A laser shock wave-induced micro-nanoparticle implantation method and device, comprising: a laser (1), a focusing lens (2), an optical glass (3), a Lafar tube (4), a dusting system ( 5), micro-nanoparticles (6), powder recovery system (7), metal to be treated (8) and nozzle (9); laser (1) aligned with focusing lens (2); optical glass (3) mounted to Rafa Tube, the focus is located in the Raphael tube (4), (4) the larger diameter end, the smaller diameter end of the Raphael tube (4) is open, and points to the treated metal (8); Rafael tube ( 4) The larger diameter end pipe wall is provided with a partial recessed feature (41), which is installed at the bottom of the partially recessed feature and is equipped with a powder recovery system (7), which is installed on the wall of the powder recovery system (7). In the system (5), a nozzle (9) is mounted at a 90 degree position of the tube wall, the nozzle is directed to the optical glass (3), and the micro/nanoparticles (6) are ejected from the powder spraying system (5).
A method and apparatus for laser shock wave induced micro-nanoparticle implantation according to claim 1, characterized in that the axis of the Lafar tube (4) is in a horizontal position to prevent the micro-nano particles from scattering from the nozzle; the Raphael tube (4) The wall has a small roughness to facilitate the acceleration of the micro-nanoparticles (6) along the tube wall; the larger diameter end of the Raphael tube (4) is fitted with an optical glass (3) seal for transmitting the laser beam to make the micro The nanoparticles (6) are not scattered in the environment; the nozzles (9) are installed on the wall of the Raphael tube (4), and the nozzle (9) ejects compressed air to protect the optical glass (3) from micro-nano Contamination of particles (6); the wall of the Raphael tube (4) is provided with a local depression feature (41), so that the unsprayed micro-nanoparticles (6) are concentrated at the bottom of the local depression feature (41); the Raphael tube (4) The smaller diameter end is open and points to the surface of the metal (8) to be treated.
The Lafar tube (4) as claimed in claim 2, characterized in that the length of the Raphael tube (4) is sufficiently long, and micro-nano particles (6) are always present in front of the focused laser beam, so that the laser is utilized.
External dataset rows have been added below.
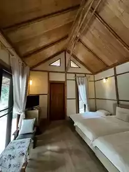 The hotel’s standout feature is its use of bamboo in the architecture, creating a warm and inviting atmosphere. The rooms are tastefully designed, combining rustic elements with modern amenities to ensure a comfortable stay. The bamboo furniture, earthy tones, and large windows bring nature indoors, making the experience both relaxing and refreshing.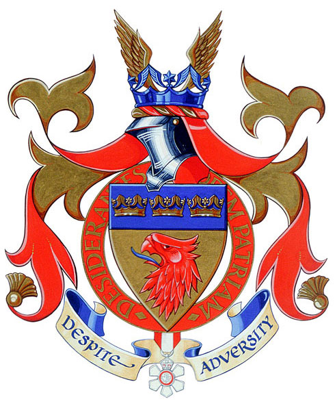 DeviseBlasonDESPITE ADVERSITY, signifiant « Malgré l’adversité »; |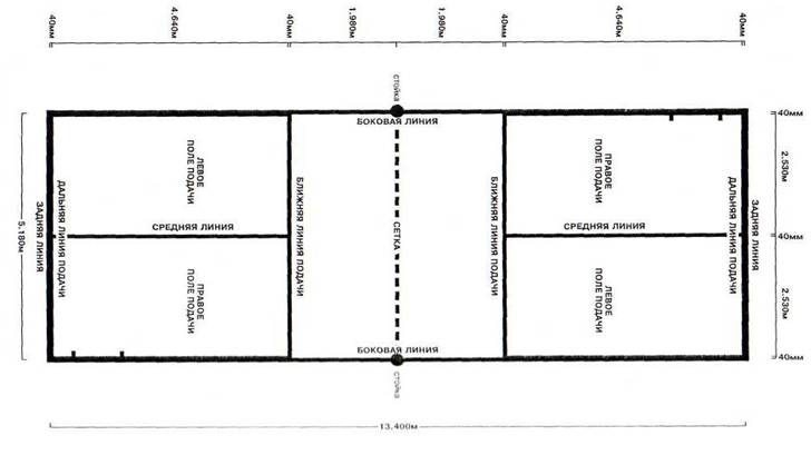 Рис. 1. Разметка корта для парных и одиночных игр.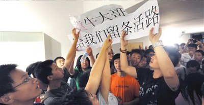 昨天上午11點,300余名國安球迷涌入國安足球俱樂部內(nèi)短短二三十米長的通道,他們高舉著“黃牛大哥,給我們留條活路”的標(biāo)語,情緒十分激動,抗議“黃!眽艛嚅T票,要求俱樂部保障球迷的利益。由于人數(shù)眾多,現(xiàn)場的暖氣片也被球迷擠壞,暖氣管道里的水灑了一地,廢棄的飲料瓶等雜物也隨處可見。陸續(xù)有數(shù)名民警趕到現(xiàn)場維持秩序,防止球迷出現(xiàn)過激行為。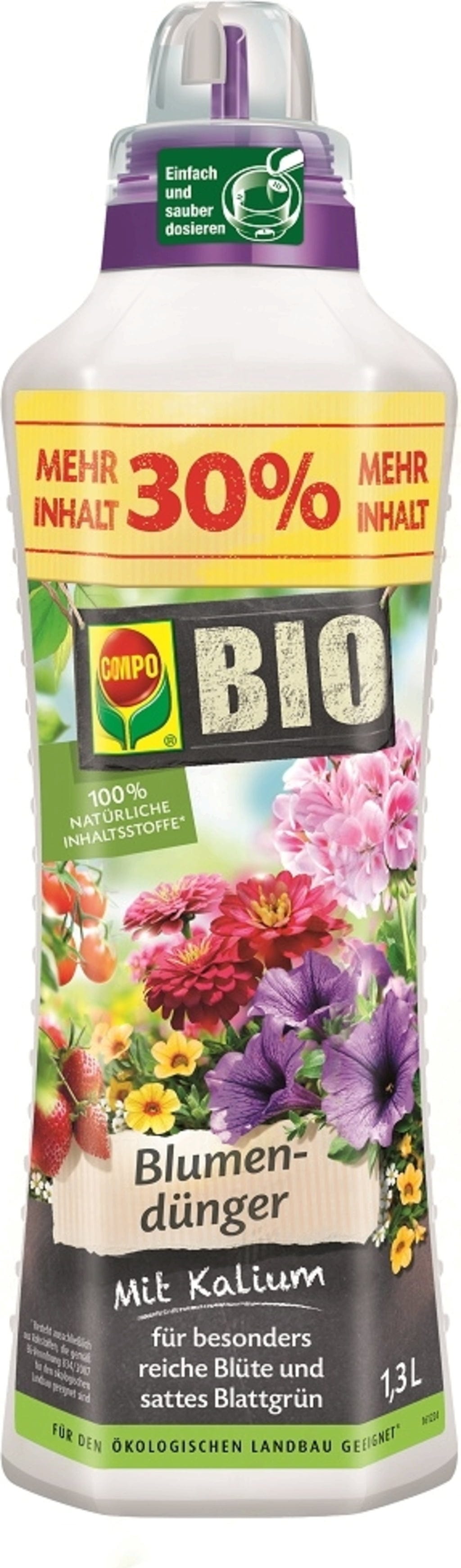 COMPO BIO Blomnäring har en balanserad näringsformel med kalium. Kaliuminnehållet i den flytande näringen främjar en rik och intensiv blomning. Universalnäringen verkar omedelbart. För en jämn näringstillförsel bör gödslingen upprepas efter en vecka under säsong.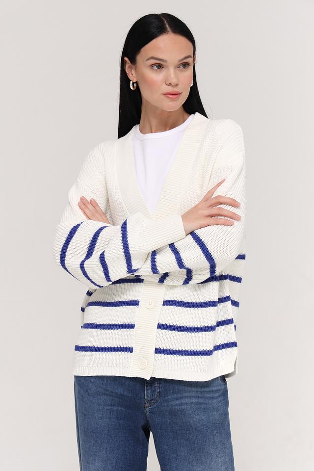 Жакет Tom Tailor белого цвета с синими полосками – стильное и комфортное решение для создания повседневных образов. Изготовлен из хлопка и полиакрила, что обеспечивает приятные тактильные ощущения и простоту в уходе. Состав: хлопок 50%, полиакрил 50%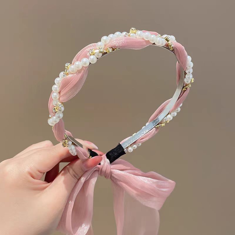 田园风碎花麻花辫发捆发箍女士高级感飘带蝴蝶结编发带齿头饰批发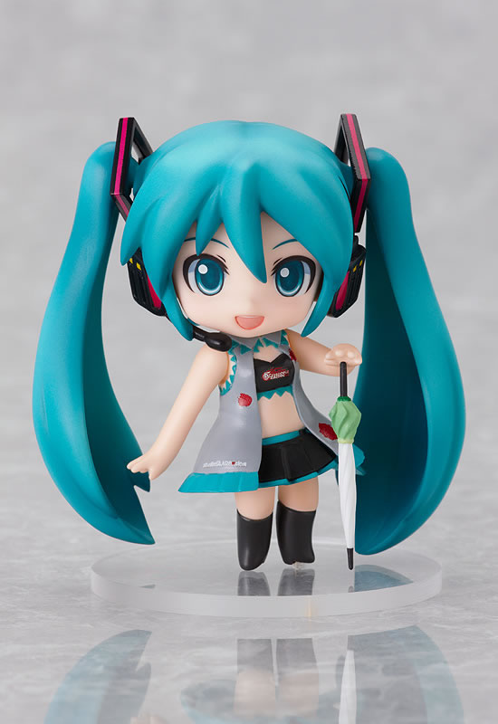 A petite and cute race queen set! The Nendoroid Petite: Vocaloid RQ Set that has been seen on the official stgt support site and blog, as well as many events, is now being released as official goods from Miku Hatsune and Studie GLAD Racing. The three most popular Vocaloid ladies: Miku Hatsune, Rin Kagamine and Luka Megurine are all posed in the cutest ways whilst wearing racing queen outfits that are actually currently in use by racing queens. An umbrella is also included But that’s not all! A pull-back car based on the Miku GT Car that was actually used in races is also included! You can display them all together to recreate a scene from the racing tracks. The pull-back car comes in two colors – black or white. Pick whichever you’d prefer!

The rate is high.
A method and apparatus for implanting micro-nanoparticles induced by laser shock waves according to claim 1, wherein the laser (1) is a high repetition rate high-energy ultrashort pulse laser; the micro-nano particles (5) comprise tungsten carbide, silicon carbide, Hard particles such as alumina, which have a size of 1 to 100 nm or 0.1 to 100 μm.
A laser shock wave-induced micro-nanoparticle implantation method and apparatus as claimed in claim 1, characterized in that the micro-nanoparticles (6) are subjected to a Rafael effect in the Raphael tube (4) under the action of a laser shock wave It is continuously accelerated and rushed to the surface of the metal to be treated (8) at a high speed, causing sputtering of the material in the impact region, and welding the micro-nanoparticles (6) to the surface of the workpiece to obtain a nanoparticle-implanted strengthening layer.
A method and apparatus for implanting micro-nanoparticles induced by laser shock waves according to claim 1, characterized in that the powder recovery system (7) provides a certain negative pressure to the inside of the Raphael tube (4), so that the initial velocity is insufficient. The nanoparticles (6) are recovered under the action of a negative pressure, and the micro-nano particles having a sufficient speed are moved in the axial direction. The powder recovery system (7) is installed at the bottom of the partially recessed feature (41) to facilitate the recovery of the micro-nanoparticles (6).